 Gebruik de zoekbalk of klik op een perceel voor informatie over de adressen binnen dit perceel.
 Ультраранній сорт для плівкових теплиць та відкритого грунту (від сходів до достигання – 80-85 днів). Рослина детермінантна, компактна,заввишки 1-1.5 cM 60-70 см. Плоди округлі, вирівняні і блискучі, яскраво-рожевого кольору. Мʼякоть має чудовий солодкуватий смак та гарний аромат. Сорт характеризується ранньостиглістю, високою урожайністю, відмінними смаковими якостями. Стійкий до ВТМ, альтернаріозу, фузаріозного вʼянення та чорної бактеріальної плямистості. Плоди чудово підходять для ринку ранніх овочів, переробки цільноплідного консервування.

...

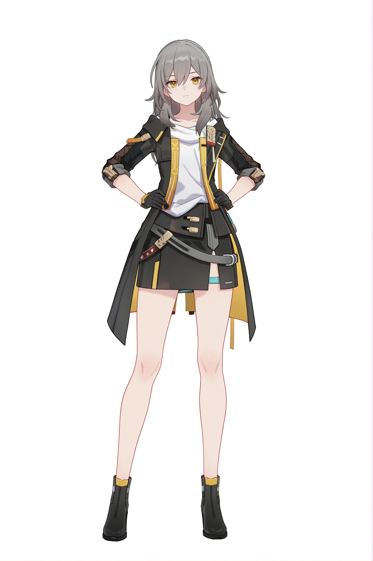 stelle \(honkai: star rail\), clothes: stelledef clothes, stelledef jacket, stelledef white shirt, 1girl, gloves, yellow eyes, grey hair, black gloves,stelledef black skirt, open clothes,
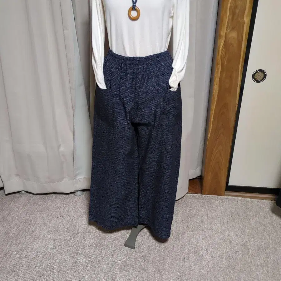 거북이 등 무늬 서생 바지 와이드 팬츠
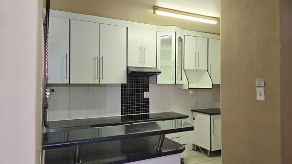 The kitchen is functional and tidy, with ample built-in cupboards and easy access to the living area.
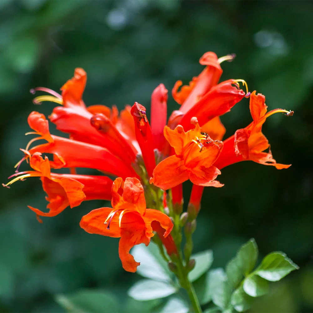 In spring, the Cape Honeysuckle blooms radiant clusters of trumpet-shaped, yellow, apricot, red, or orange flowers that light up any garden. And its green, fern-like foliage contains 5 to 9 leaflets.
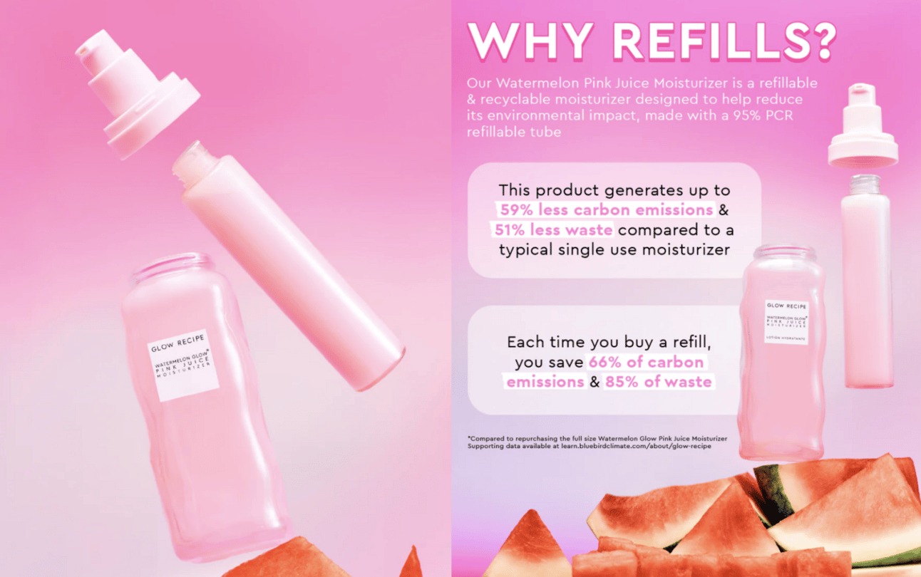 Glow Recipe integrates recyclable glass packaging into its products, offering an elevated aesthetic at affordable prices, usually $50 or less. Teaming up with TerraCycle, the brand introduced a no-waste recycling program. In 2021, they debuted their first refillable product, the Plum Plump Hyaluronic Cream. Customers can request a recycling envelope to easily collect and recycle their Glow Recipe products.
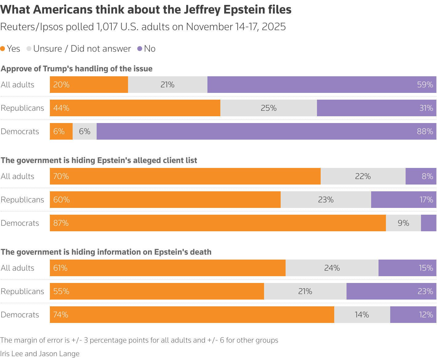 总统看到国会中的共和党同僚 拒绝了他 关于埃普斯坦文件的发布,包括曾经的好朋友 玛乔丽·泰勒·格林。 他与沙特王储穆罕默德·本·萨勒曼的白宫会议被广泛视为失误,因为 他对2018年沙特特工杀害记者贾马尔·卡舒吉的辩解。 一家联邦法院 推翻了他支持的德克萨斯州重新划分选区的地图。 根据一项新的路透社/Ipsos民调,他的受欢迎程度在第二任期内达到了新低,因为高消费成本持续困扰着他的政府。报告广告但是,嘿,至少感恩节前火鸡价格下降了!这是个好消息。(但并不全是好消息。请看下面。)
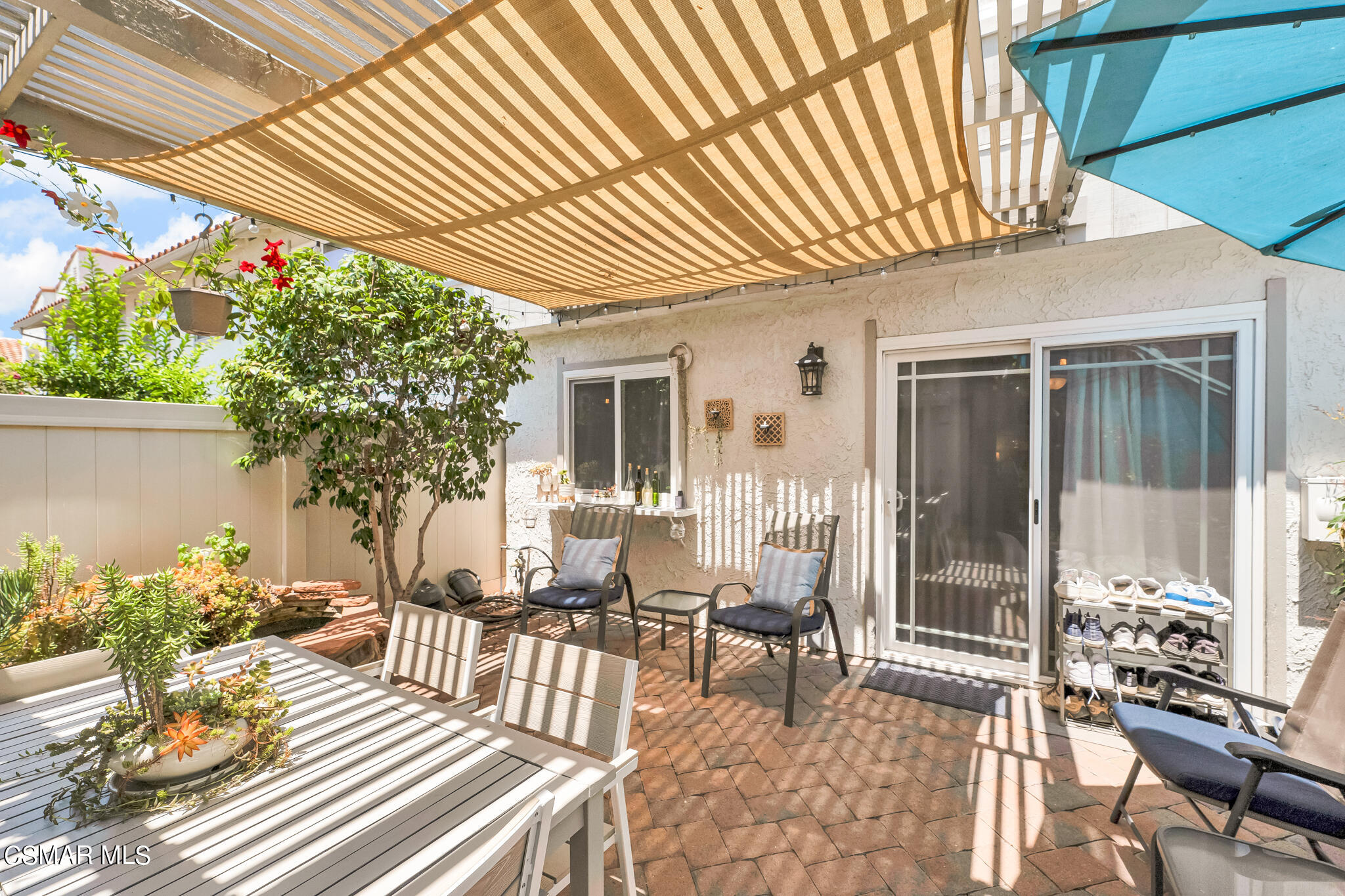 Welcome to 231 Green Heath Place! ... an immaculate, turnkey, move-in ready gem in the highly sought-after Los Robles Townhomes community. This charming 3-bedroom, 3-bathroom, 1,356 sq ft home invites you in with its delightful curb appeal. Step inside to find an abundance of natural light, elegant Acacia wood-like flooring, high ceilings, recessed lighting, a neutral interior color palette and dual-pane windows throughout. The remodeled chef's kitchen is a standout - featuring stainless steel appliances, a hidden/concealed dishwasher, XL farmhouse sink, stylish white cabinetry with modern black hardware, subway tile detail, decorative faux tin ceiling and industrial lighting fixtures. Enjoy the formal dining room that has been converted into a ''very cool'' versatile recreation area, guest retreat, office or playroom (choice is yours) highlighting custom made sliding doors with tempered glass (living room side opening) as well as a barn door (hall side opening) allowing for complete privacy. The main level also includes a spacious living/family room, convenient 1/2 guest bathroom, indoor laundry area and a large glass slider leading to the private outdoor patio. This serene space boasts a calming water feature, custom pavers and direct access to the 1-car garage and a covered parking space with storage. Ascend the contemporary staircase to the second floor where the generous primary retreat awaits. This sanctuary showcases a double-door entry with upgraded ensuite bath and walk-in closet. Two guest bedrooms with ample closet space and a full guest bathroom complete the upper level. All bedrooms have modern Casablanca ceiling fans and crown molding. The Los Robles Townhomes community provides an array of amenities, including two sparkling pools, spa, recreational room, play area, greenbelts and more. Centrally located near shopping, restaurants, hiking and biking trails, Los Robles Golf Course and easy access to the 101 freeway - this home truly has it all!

* * *

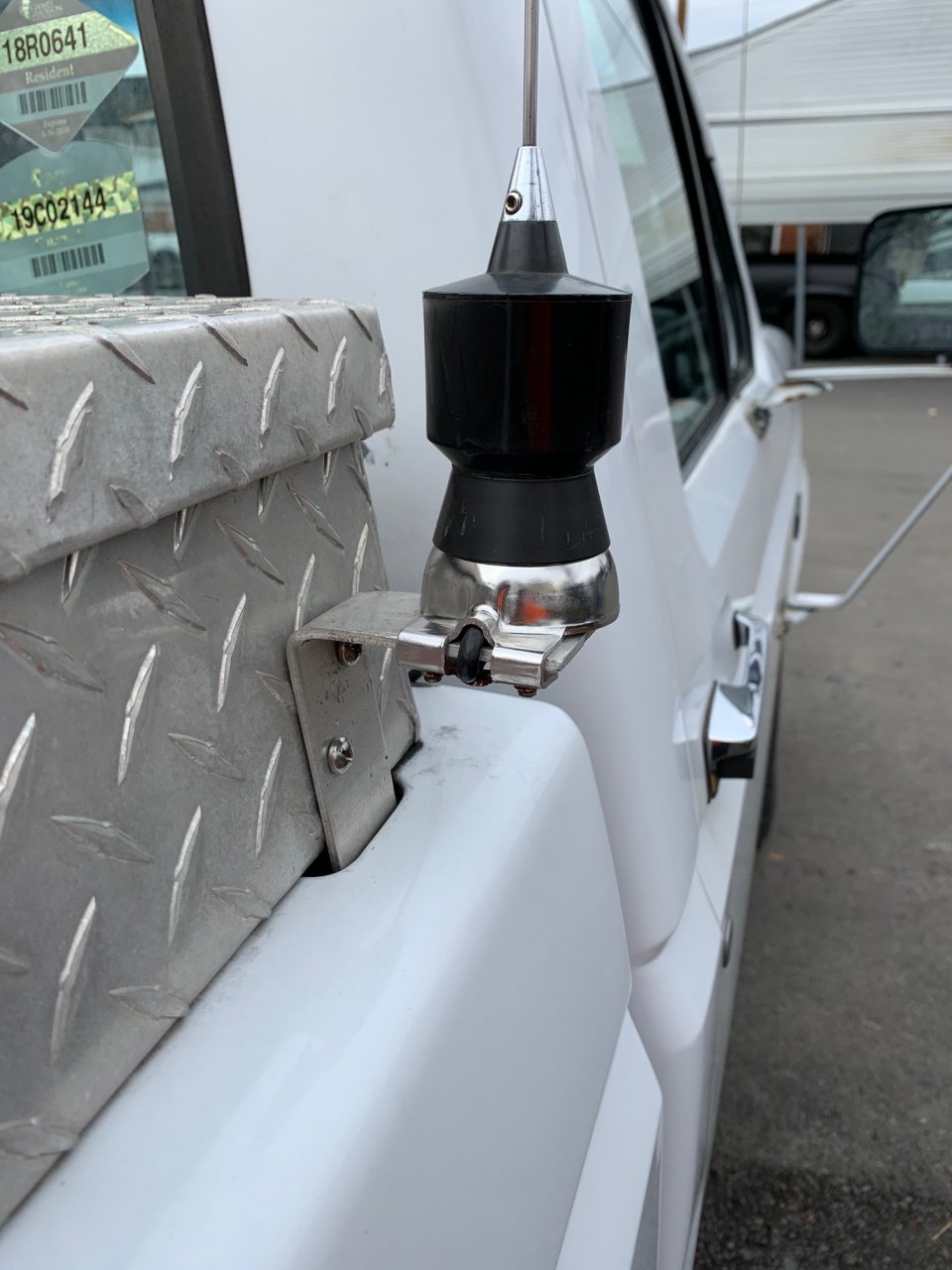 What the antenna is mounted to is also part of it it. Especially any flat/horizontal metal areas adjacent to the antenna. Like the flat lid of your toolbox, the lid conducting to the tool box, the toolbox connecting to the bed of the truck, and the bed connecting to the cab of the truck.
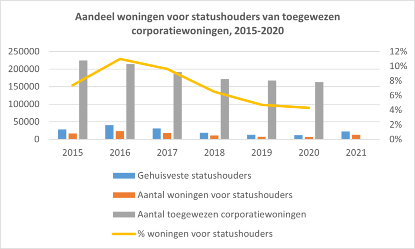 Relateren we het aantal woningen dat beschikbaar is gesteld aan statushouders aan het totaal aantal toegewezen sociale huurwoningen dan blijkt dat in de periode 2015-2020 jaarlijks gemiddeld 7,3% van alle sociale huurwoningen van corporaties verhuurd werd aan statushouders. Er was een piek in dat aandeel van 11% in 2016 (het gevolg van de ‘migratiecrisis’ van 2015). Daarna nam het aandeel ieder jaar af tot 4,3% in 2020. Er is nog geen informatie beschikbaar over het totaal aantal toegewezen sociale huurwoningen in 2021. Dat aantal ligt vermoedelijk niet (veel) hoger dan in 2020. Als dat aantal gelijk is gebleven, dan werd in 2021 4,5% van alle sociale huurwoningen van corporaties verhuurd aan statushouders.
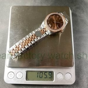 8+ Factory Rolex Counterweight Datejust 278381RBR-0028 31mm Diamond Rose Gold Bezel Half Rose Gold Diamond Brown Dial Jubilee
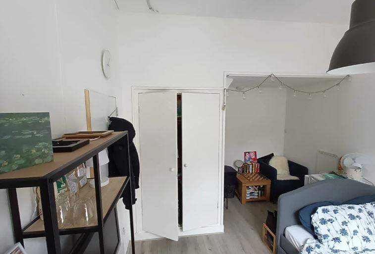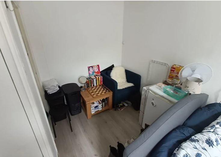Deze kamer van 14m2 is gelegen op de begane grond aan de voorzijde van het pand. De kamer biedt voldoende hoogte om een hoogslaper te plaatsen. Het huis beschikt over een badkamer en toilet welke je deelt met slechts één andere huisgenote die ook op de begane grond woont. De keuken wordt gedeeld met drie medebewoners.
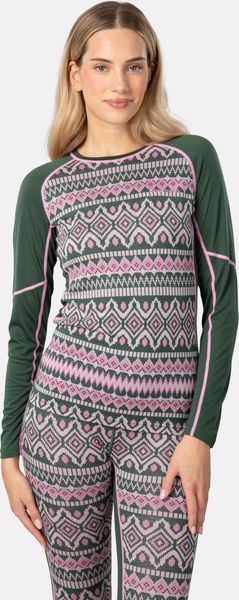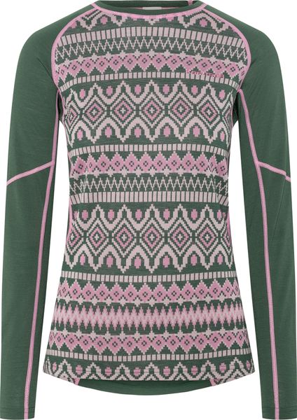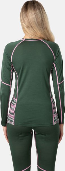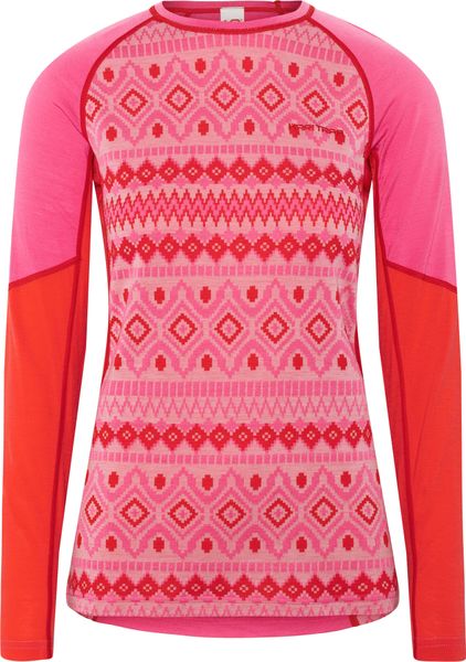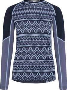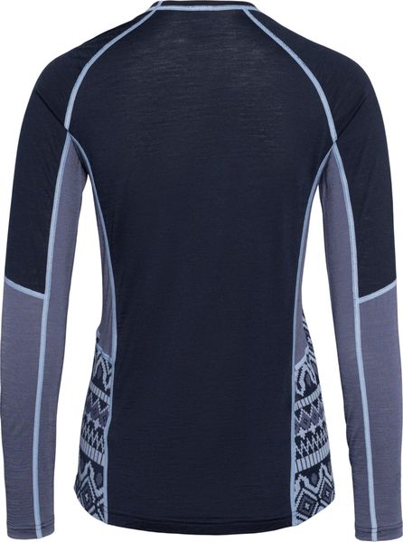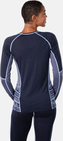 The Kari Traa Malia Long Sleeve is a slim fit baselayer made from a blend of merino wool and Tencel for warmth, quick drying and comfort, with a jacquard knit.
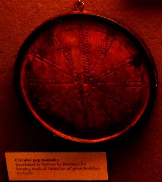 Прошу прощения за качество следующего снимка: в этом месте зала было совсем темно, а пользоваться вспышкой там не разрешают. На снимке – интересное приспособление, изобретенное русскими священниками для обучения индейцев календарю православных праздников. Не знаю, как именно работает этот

#### [WORK ITEM]
From the records above, quote word for word only the lines beginning at the line that has "Deze kamer van" and stopping after the line that has "The Kari Traa". Omit the pictures.

#### [SOLUTION TO THE PROBLEM]
Deze kamer van 14m2 is gelegen op de begane grond aan de voorzijde van het pand. De kamer biedt voldoende hoogte om een hoogslaper te plaatsen. Het huis beschikt over een badkamer en toilet welke je deelt met slechts één andere huisgenote die ook op de begane grond woont. De keuken wordt gedeeld met drie medebewoners.
 The Kari Traa Malia Long Sleeve is a slim fit baselayer made from a blend of merino wool and Tencel for warmth, quick drying and comfort, with a jacquard knit.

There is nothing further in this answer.